RULE #4: EXERCISE Exercise every day for at least 30 minutes. Walking is fantastic exercise and is probably the easiest way to get started. In the beginning you may struggle with a simple walk down the hall and your energy level may be very low. Your job is to move your body a little more every day. Each patient is different, but at four to eight weeks most will feel back to normal. After you have been cleared by your physician, you may begin other forms of exercise. Eventually, incorporating both aerobic and resistance training into your daily exercise routine will help you remain at a healthy weight for the rest of your life.
- Q: Can I eat fast food?
A: Many fast food restaurants are now offering a wide variety of low-fat, low-calorie options. Stick with salads and chicken and fish entrees with either no bread or one slice only, and no mayo, rice or coleslaw. Most establishments will be happy to substitute a salad for the starches you are not permitted to have. And remember the old standby – a garden salad and a hamburger patty with mustard, available at nearly all fast food restaurants!

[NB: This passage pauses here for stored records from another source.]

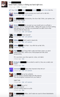 During her time as a reality tv personality on her mother's show, she responded on Facebook with Homophobic slurs to people who were bashing her mother's show. [12]On her sister's show, *Bristol Palin: Life's a Tripp *, she was also considered to be the most indignant of the Palins with constant disapproval of Bristol's boyfriend and overall embarrassment for the people around her. [8]
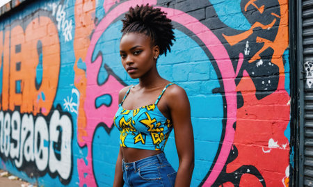 A young woman stands in front of a colorful graffiti wall, looking directly at the camera
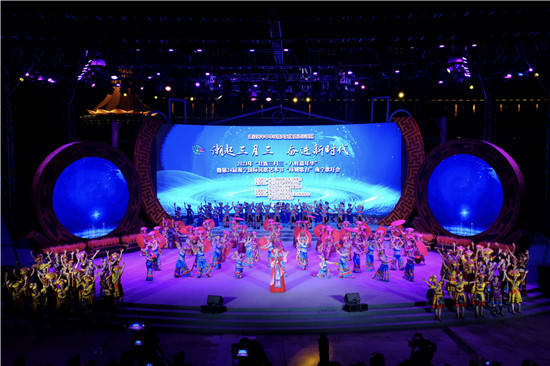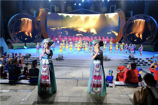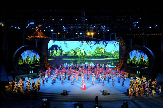 晚会由第一篇章《山水之音》、第二篇章《团结之歌》、第三篇章《世界之谣》、第四篇章《传扬四方》四个部分组成。 第一篇章以《山水之音》为题,以原生态山歌情景表演表达了在广西这片热土上,以12个世居民族为代表的各族人民生生不息,用勤劳、勇敢和智慧,浇灌出八桂大地的美丽富饶。《多耶》《歌的家乡》《美丽姑娘赶歌圩》…用歌声、鼓声、欢笑声,编织出壮乡歌海的多彩风情。
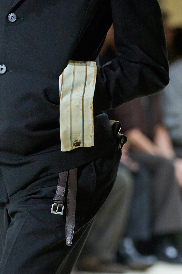 김치 국물 한 번쯤 옷에 튀어본 한국인이라 그럴까요. 프라다 2026 가을/겨울 남성복 쇼가 끝난 직후 ‘지저분한 셔츠’가 바이럴됐습니다. 물론 모델들이 실수로 소매 끝이나 칼라에 얼룩을 묻힌 건 아니에요. 미우치아 프라다와 라프 시몬스의 철저한 계산이었죠.
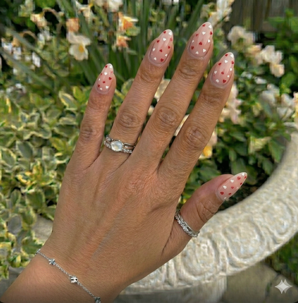On a pastel base, small red or white hearts placed randomly across the nail create a cute, romantic feel — perfect for spring dates.
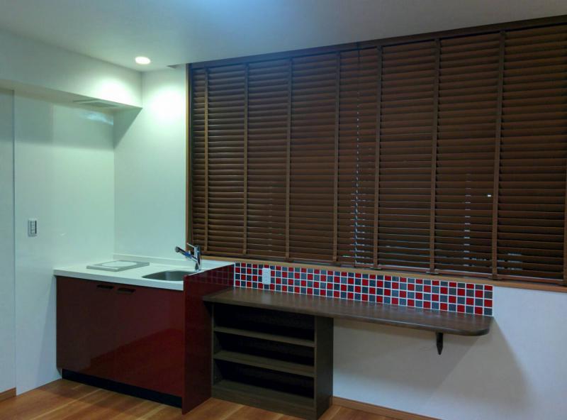 エコカラット・柄クロスを張り、木製ブラインドを取付
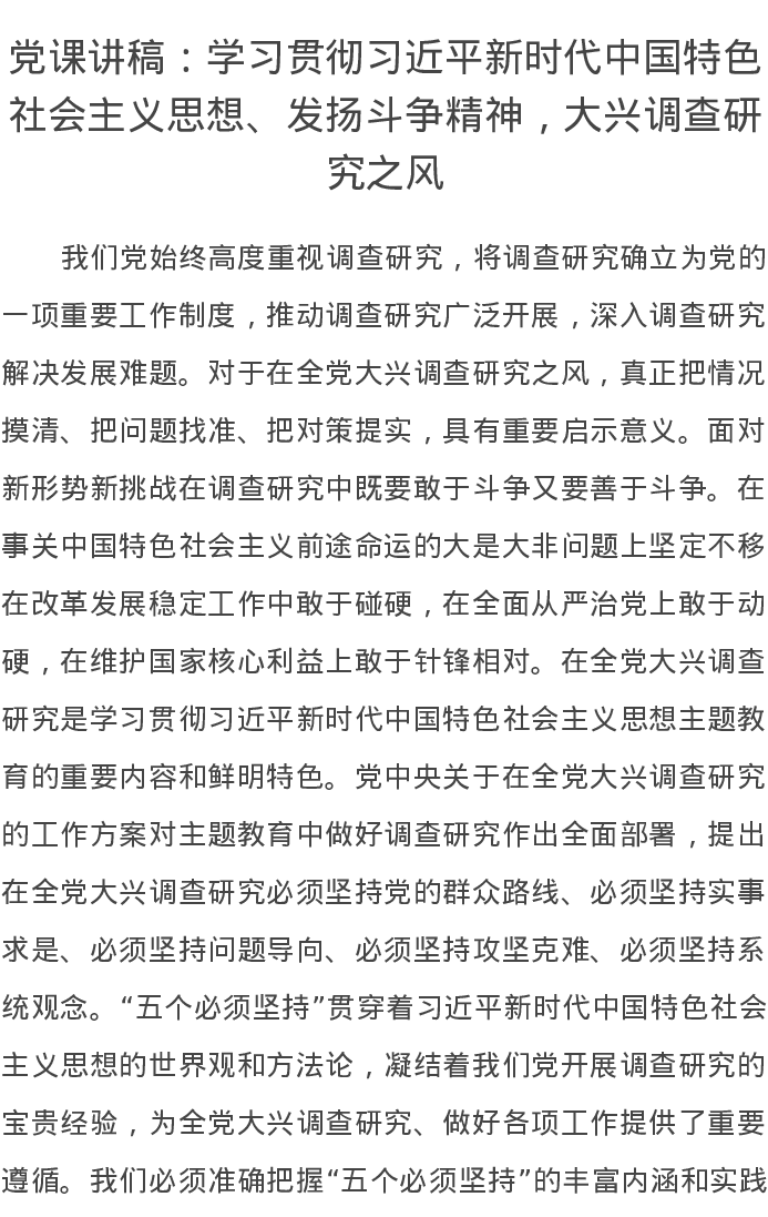 党课讲稿:学习贯彻习近平新时代中国特色社会主义思想、发扬斗争精神,大兴调查研究之风

- Q: What do I do if I want to eat in a fancy restaurant?
A: The rule of thumb is always eat protein. Even if it is not on the menu, most restaurants will gladly grill or roast a piece of chicken, fish or steak and willingly substitute permitted vegetables for potatoes or rice. If the restaurant is unwilling to help, order something with fish, poultry or steak and ask for a separate plate. Scrape off any offending sauce, breading, etc. from the protein and place the protein on your "keeper" plate along with any permissible vegetables. Give the "fattening stuff" back to the waiter (you don't need the temptation to sneak a taste and no-one in your party needs extra fat or calories). At a dinner party, load up on salad and protein, push the gravy or sauce to the other side of your dish, and dig in! Don’t get discouraged if you don’t hit your goals 100% of the time; a backslide here and there won’t hurt your progress too much, but always do your best.

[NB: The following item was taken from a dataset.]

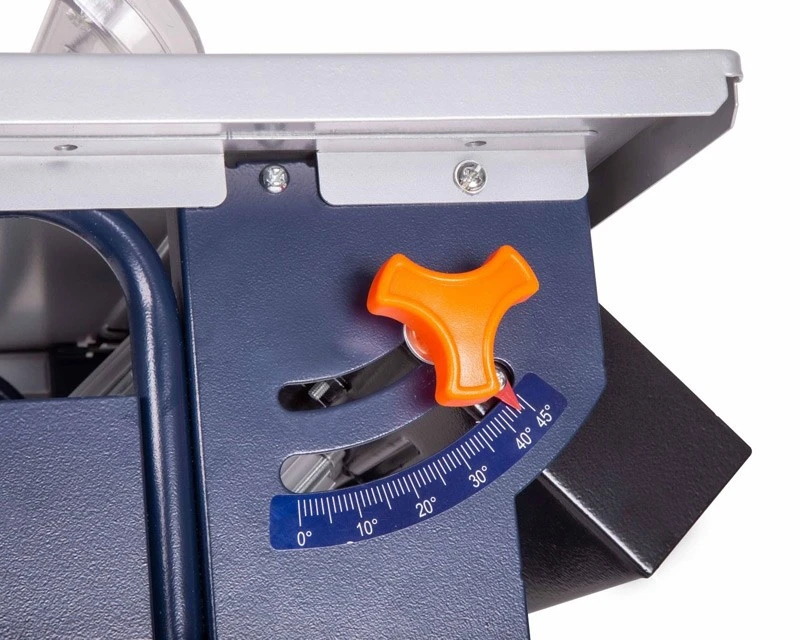 Transportabel bordrundsav fra FERM med 200 mm TCT klinge, parallelstyr og mulighed for smigskæring 0-45°. Herudover ekstra præcis vinkeljustering ved smigskæring.
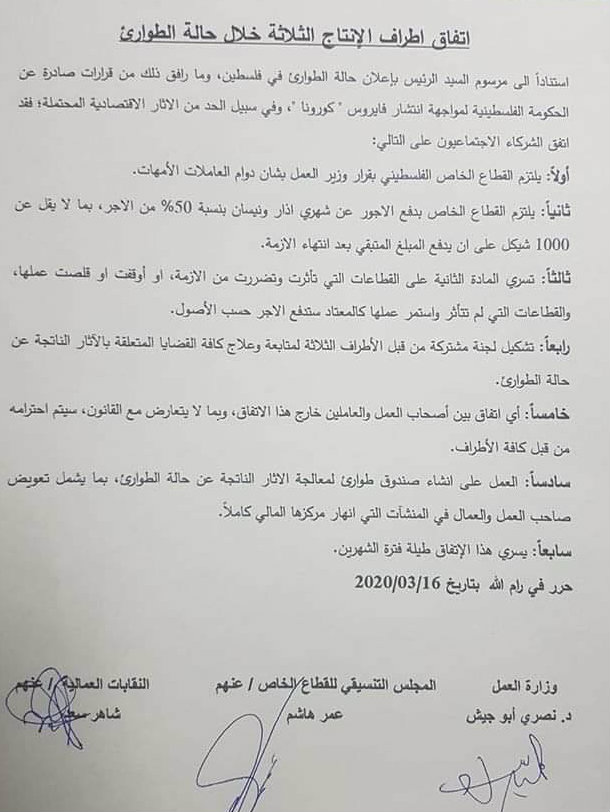 وزارة العمل والقطاع الخاص واتحاد نقابات العمال يوقعون اتفاقية تقضي بالتزام القطاع الخاص بقرار يخص دوام الأمهات العاملات ودفع الأجور.

- Q: What about exercise after surgery?
A: It is important to exercise while trying to lose weight, but the type of exercise you do is critical to your success. While gym owners would like you to believe that heavy exercise is the key, research suggests that moderate exercise is best for losing and controlling weight. Heavy exercise increases muscle size, which increases lean body mass. Most patients’ lean body mass is already close to their ideal weight range; they do not need to add muscle, they need to lose fat! By adding lean body mass, heavy exercise may actually lead to weight gain, especially since you are increasing the protein in your diet. For patients trying to maintain weight after bariatric surgery, walking is the key.